In the world of evolutionary change i.e.in short run organizations must constantly increase
the fit or alignment of strategy, structure, and culture. But for sustained success. In the long-
run, they are required to destroy the very alignment of strategy, structure, and culture that
has made their organizations successful In order to reconstruct a new organization better
suited for the next wave of competition or technology.
Ambidextrous organizations are those organisations which have the ability to
simultaneously pursue both incremental(Evolutionary Change) and
discontinuous(Revolutionary Change) innovation and change results from hosting multiple
contradictory structures, processes, and cultures within the same firm. Ex of such firms
Hewlett-Packard, Johnson & Johnson, and ABB(Asea Brown Boveri).

How to develop Ambidexterity in Organization?

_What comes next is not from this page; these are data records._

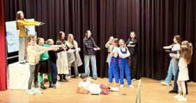 Als wichtiger Bestandteil des Programms bereiteten auch die Chornummern nicht nur den Ausführenden Freude. Mit spritzigen Choreographien und spürbarer Freude am gemeinsamen Auftritt rissen die Ensembles das Publikum mit. Für die Sänger*innen war es das erste Mal, dass sie in einem Musical auf der Bühne standen. Die Chorklasse und die Mitglieder der Chor-AG hatten bislang vor allem Konzerte gestaltet und sammelten mit dieser Aufführung neue Bühnenerfahrung im Bereich Musical. Dennoch bewegten sie sich sicher und abgestimmt und setzten die einstudierten Abläufe zuverlässig um.
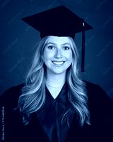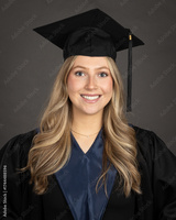 young female graduate with blonde hair wearing cap and gown, isolated on grey background
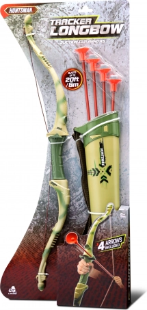 Postani mali lovac i uživaj u zabavnom gađanju s dječjim lukom Huntsman Longbow! Pakiranje sadrži 4 sigurne strijele s vakuumskim čepovima i tuljac s podesivim remenom. Luk ima pletenu tetivu, elastična krakova i domet do 6 metara. Idealno za djecu od 6 godina.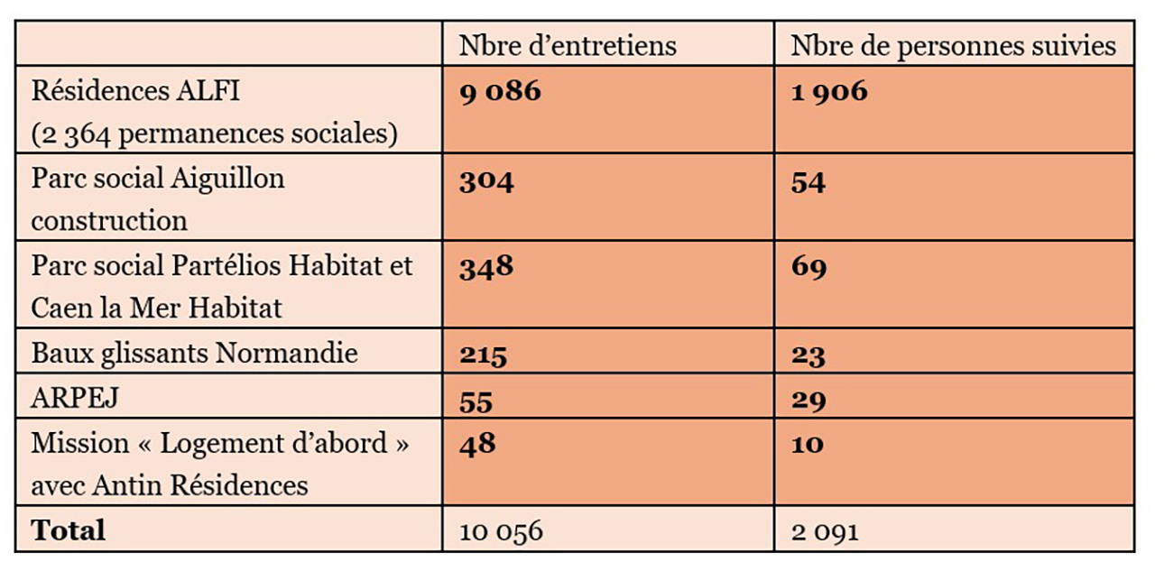Les travailleurs sociaux de l’ALFI accompagnent des ménages aux profils très variés, logés dans les résidences gérées par l’ALFI, au sein du patrimoine social de nos adhérents (ESH et Coopératives du Groupe Arcade-VYV) ou de partenaires (Caen la Mer Habitat, ARPEJ).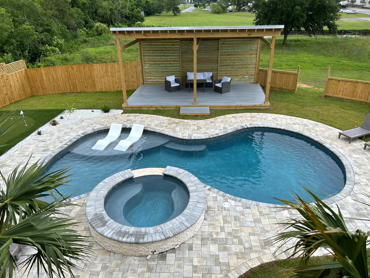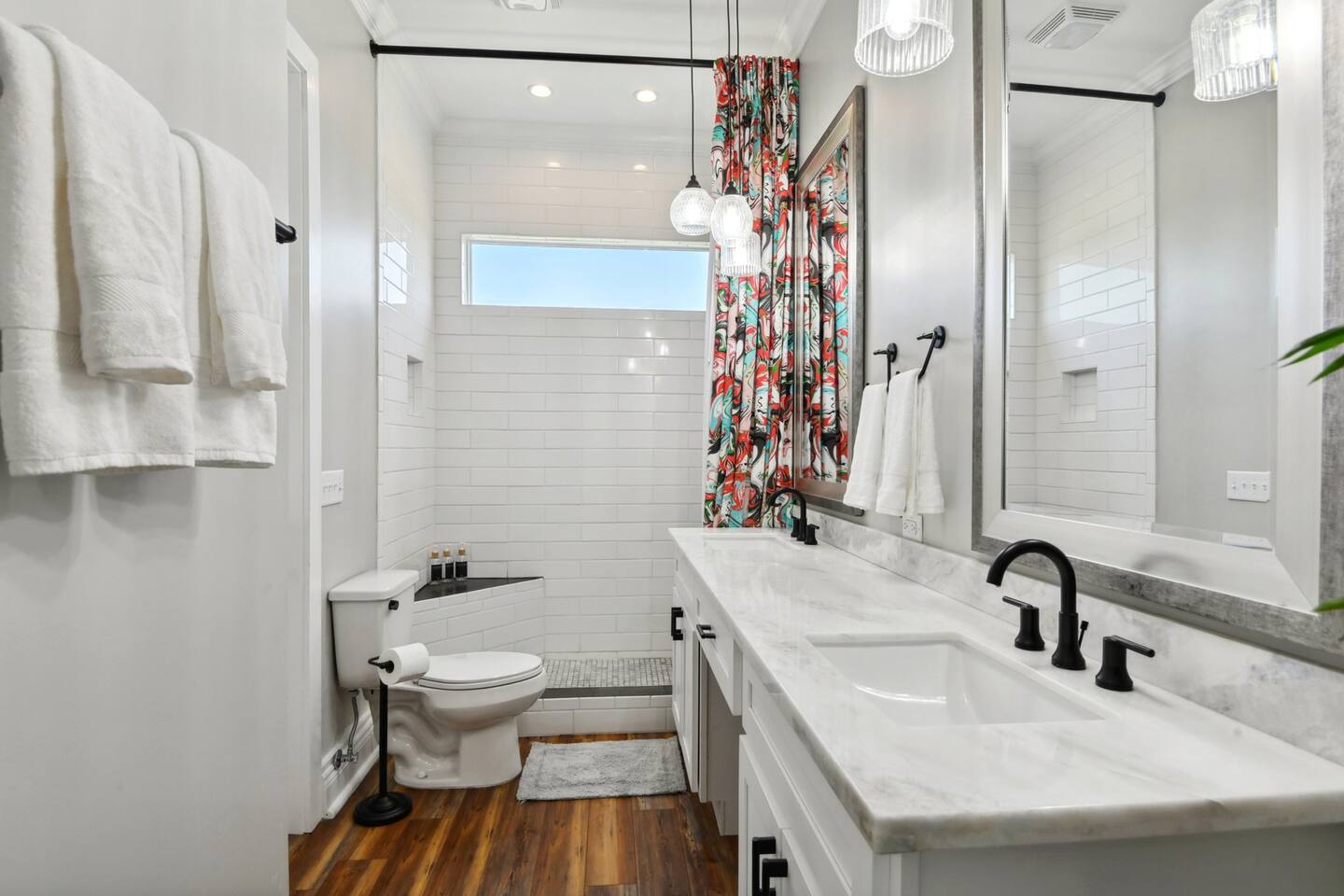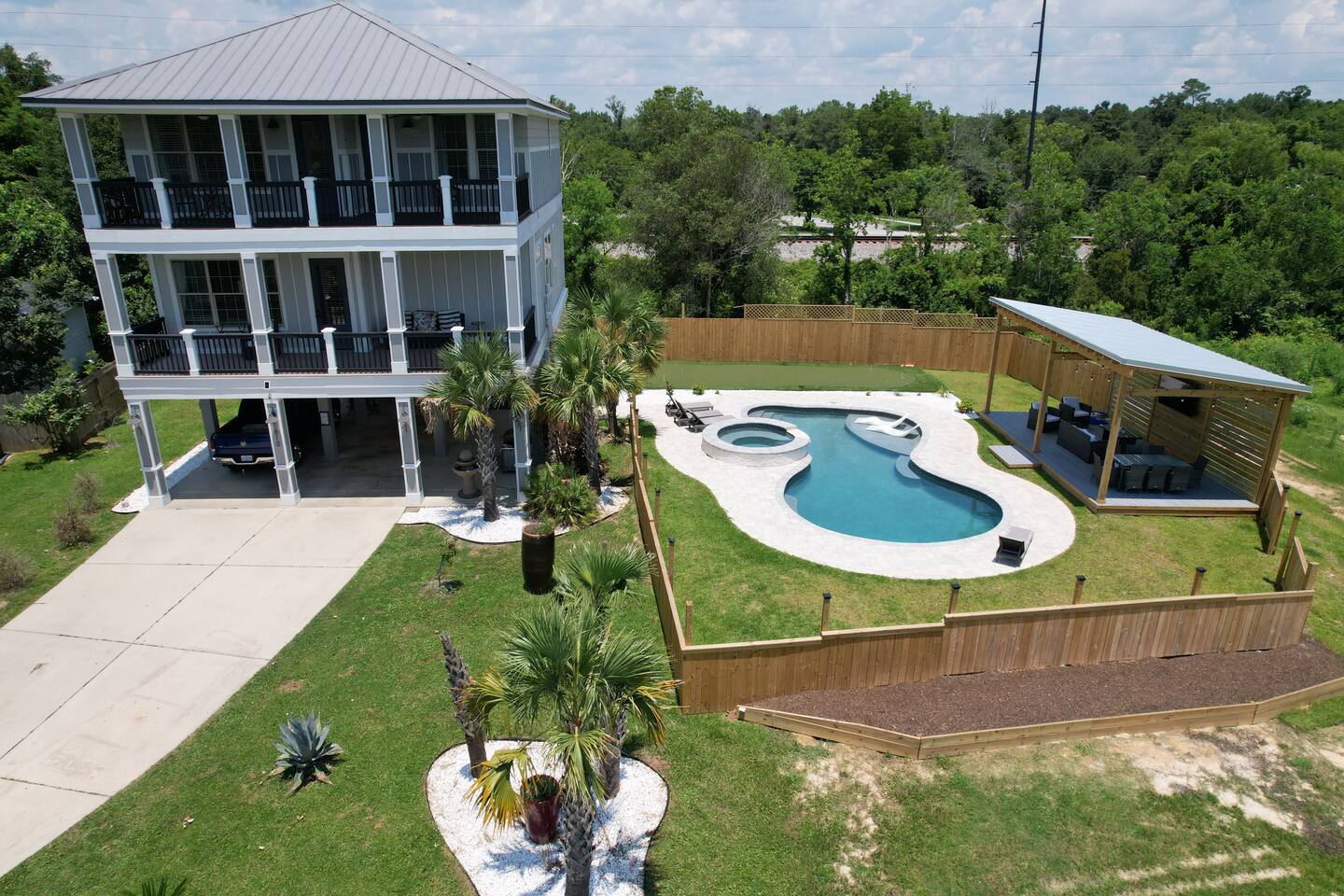Enjoy easy access to everything in this NOLA style 4 BR, 4 bth just 2 blocks to the beach on a quiet cul-de-sac w/ parking for up to 5 vehicles. Each bedroom has an en-suite bathroom, tv, and walk in closet. Heated pool and spa available all year. Work space in laundry area with a tv you can usb connect to your computer for dual monitors or a quiet space to work. 2 large porches for enjoying coastal breezes…80’s style game room! Perfect place to unwind with pool and spa.

Three Ways mentioned in Article on the basis of study on above three ambidextrous
organizations

1. By Tweaking Organizational Architecture


I. Avoid large centralized organizations and keep units small and autonomous so that
employees feel a sense of ownership and are responsible for their own results and
thus create a culture of autonomy and risk taking
II. Do not do that on expense of firm size or speed in execution. Retain the benefits of
size, especially in marketing and manufacturing.
III. Limit the role of headquarters to facilitate operations and make the units go faster
and become better.
IV. Redesign Reward systems to be appropriate to the nature of the business unit and to
be able to encourage results and risk taking by managers
2. By Allowing multiple cultures to flourish
I. Place reliance on strong social controls and not on formal structures
II. Org Culture is to be simultaneously tight and loose.
III. Org culture is to be tight in the respect that it is broadly shared amongst all units
and emphasizes norms critical for innovation such as openness, autonomy,
initiative, and risk taking.
IV. Org Culture is to be loose in the manner in which the common values are
expressed varies according to the type of innovation required. Ex Allow openness
and consensus while developing new technologies but when implementation is
critical, do not bother about openness and consensus.
V. Have common standards but unique personalities. .
3. By Hiring/Developing Ambidextrous Managers
I. Allow Managing units to pursue widely different strategies and that have varied
structures and cultures
II. Allow lower level managers to come up with solutions and encouraging reasonable
failures.
III. Let the senior team continually reinforces the core values of autonomy, teamwork,
initiative, accountability, and innovation and ensure that the organization avoids
becoming arrogant and remains willing to learn from its competitors.
IV. Use variation through strong efforts to decentralize, to eliminate bureaucracy, to
encourage individual autonomy and accountability, and to experiment and take risks.